In the interests of transparency, eLife includes the editorial decision letter and accompanying author responses. A lightly edited version of the letter sent to the authors after peer review is shown, indicating the most substantive concerns; minor comments are not usually included.

Thank you for submitting your work entitled "Synergistic integration of Netrin and ephrin axon guidance signals by spinal motor neurons" for consideration by eLife. Your article has been reviewed by two peer reviewers, one of whom is a member of our Board of Reviewing Editors, and the evaluation has been overseen by the Reviewing Editor and a Senior Editor.

The reviewers have discussed the reviews with one another and the Reviewing editor has drafted this decision to help you prepare a revised submission.

Summary:

In this study Poliak et al. demonstrate a requirement for Unc5c repulsive signaling in response to Netrin-1 during LMC motor axon guidance. Through a series of in vitro and in vivo experiments, they propose that Unc5c-mediated repulsion has a synergistic effect when combined with EphB2 signaling, and that this may in part be due to convergence on Src kinase activation. The analysis of the in vivo phenotypes is clear and compelling, and increases our understanding of the role of Netrin receptors during motor axon guidance. The in vitro stripe assay and growth cone collapse assay are powerful and allow for precisely measuring the effect of combining different cues on axon behavior. How a growth cone integrates its responses to different extracellular cues remains largely unknown. Both in vivo and in vitro data support the hypothesis that synergy occurs between Unc5c and EphB2 signaling in LMC motor neurons, and although a mechanistic understanding of how this synergy is achieved remains incomplete, this work addresses an important question and lays the foundation for future research investigating these mechanisms in more detail.

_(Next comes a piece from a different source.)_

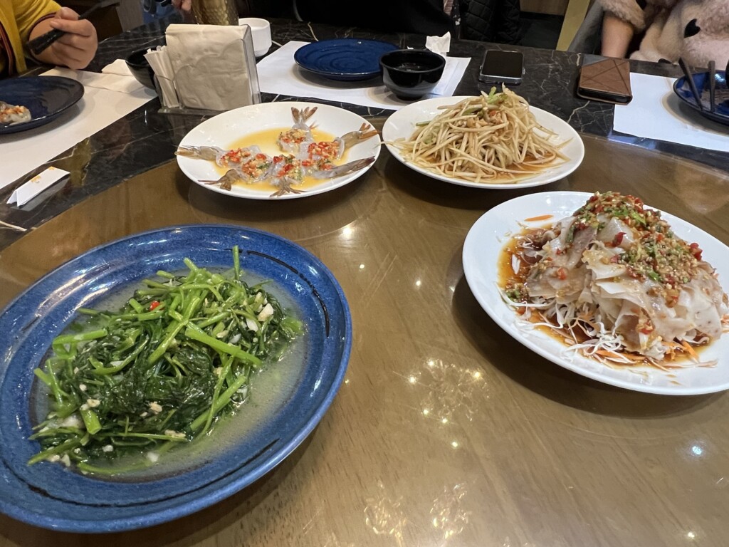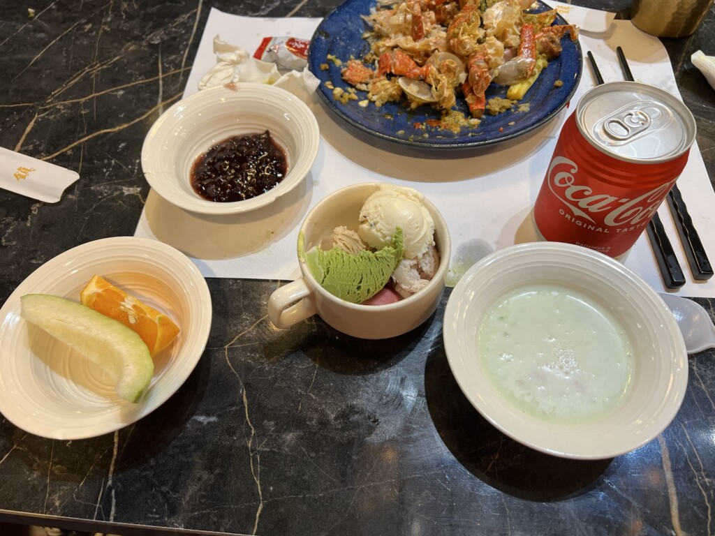 這間餐廳吃到飽是使用點餐型的,點完餐後由服務人員送餐,不用跑來跑去也非常舒適,這次點了兩輪(一次8盤),點了月亮蝦餅、清蒸檸檬魚、雲南大薄片、涼拌生蝦*2、椒麻雞、酥炸松阪、香酥檸檬魚、泰式咖哩炒蟹、蝦醬空心菜、蝦醬高麗菜、泰式酸辣海鮮湯、…共17盤,搭配哈根達斯冰淇淋與泰奶、可樂、椰汁西米露以及椰漿黑糯米等吃起來應該比單點優惠一些,整體餐點還不錯吃,全部17盤剛好掃光,再吃個哈根達斯與甜點晚餐就可以省掉了,服務人員感覺幾乎都是外籍,不過整體服務態度是不差的,用餐環境也蠻好的,以下是照片分享~
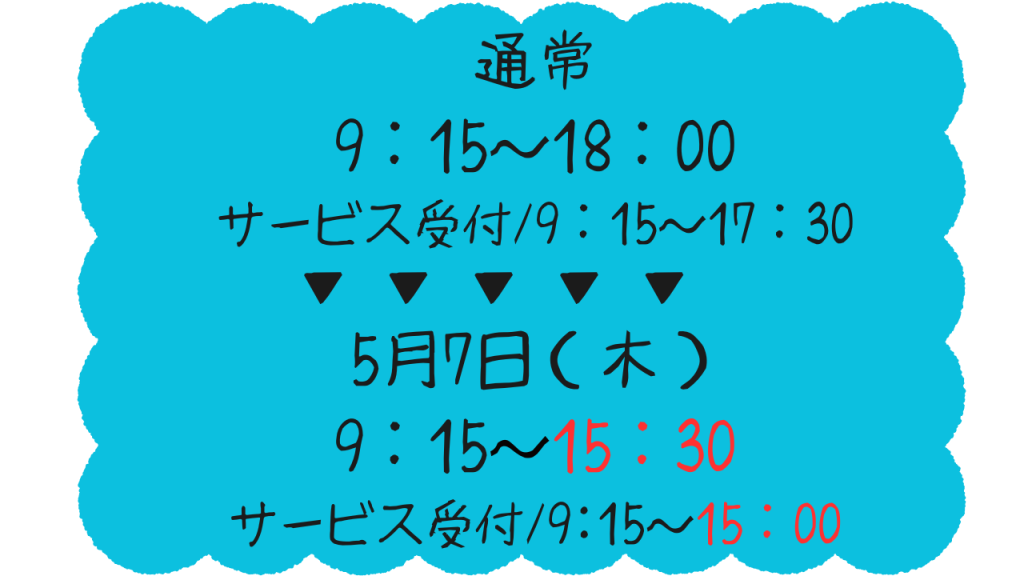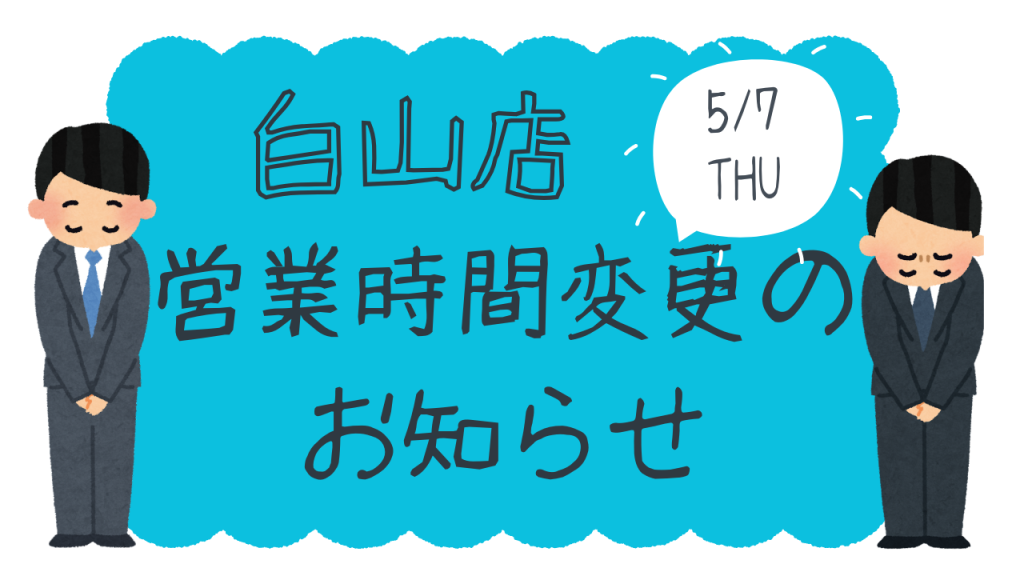 【白山店】5月7日(木)営業時間変更のお知らせ

In mice and chick embryos, Netrin-1 is enriched in the dorsal limb and Unc5c is expressed in ventrally projecting LMC-m neurons at stages when LMC axons select their trajectory. While all LMC neurons express DCC or Neogenin, there are no guidance defects in the dorsally projecting LMC-l axons in the absence of Netrin or its attractive receptors. In contrast, a significant number of LMC-m axons mis-project in the absence of Netrin or Unc5c (though DCC is not required for LMC-m guidance). In vitro, chick LMC-m axons are repelled by Netrin1+ stripes in an Unc5c-dependent manner, whereas LMC-l axons are attracted to Netrin1+ stripes in a Neogenin-dependent manner. Combining low doses of ephrinB2 and Netrin1 (less than half of the sub-threshold concentrations of each) results in a significant avoidance response by LMC-m axons; a similar effect is observed on growth cone collapse. Similarly, LMC-l axons are more strongly attracted to sub-threshold amounts of Netrin-1 when they are alternated with sub-threshold amounts of ephrinA5. Though the mechanism for this synergistic effect is not further explored, the authors undertake several experiments addressing the relationship between Unc5c and EphB2. Unc5c and EphB2 form a complex when over-expressed in vitro, and this interaction is increased upon ephrinB2 treatment and requires EphB2's kinase activity. Netrin treatment does not enhance the interaction between Unc5c and EphB2, but increases the phosphorylation levels of EphB2. Finally, the authors propose that signaling downstream of both receptors may converge on Src kinases, as treatment of LMC-m axons with both ligands for a sustained period of time increases the levels of phospho-Src compared to treatment with either alone. Growth cone collapse in response to ephrinB2 and Netrin1 is partially suppressed by treating with a Src kinase inhibitor, and over-expression of Csk suppresses LMC-m avoidance of Netrin1+ and ephrinB2+ stripes, providing important functional data to support the hypothesis that both pathways act through Srcs.

Essential Revisions:

1) The authors suggest that the relatively weak dorsal limb mis-projection phenotype (relative to Unc-5) likely results from residual Netrin expression in the Netrin gene trap allele. It would be nice if it were possible to analyze these phenotypes in the recently published Netrin null mice described by Kennedy, Kania and colleagues. It is acknowledged that this may not be possible, however, depending upon the viability of the null mutation.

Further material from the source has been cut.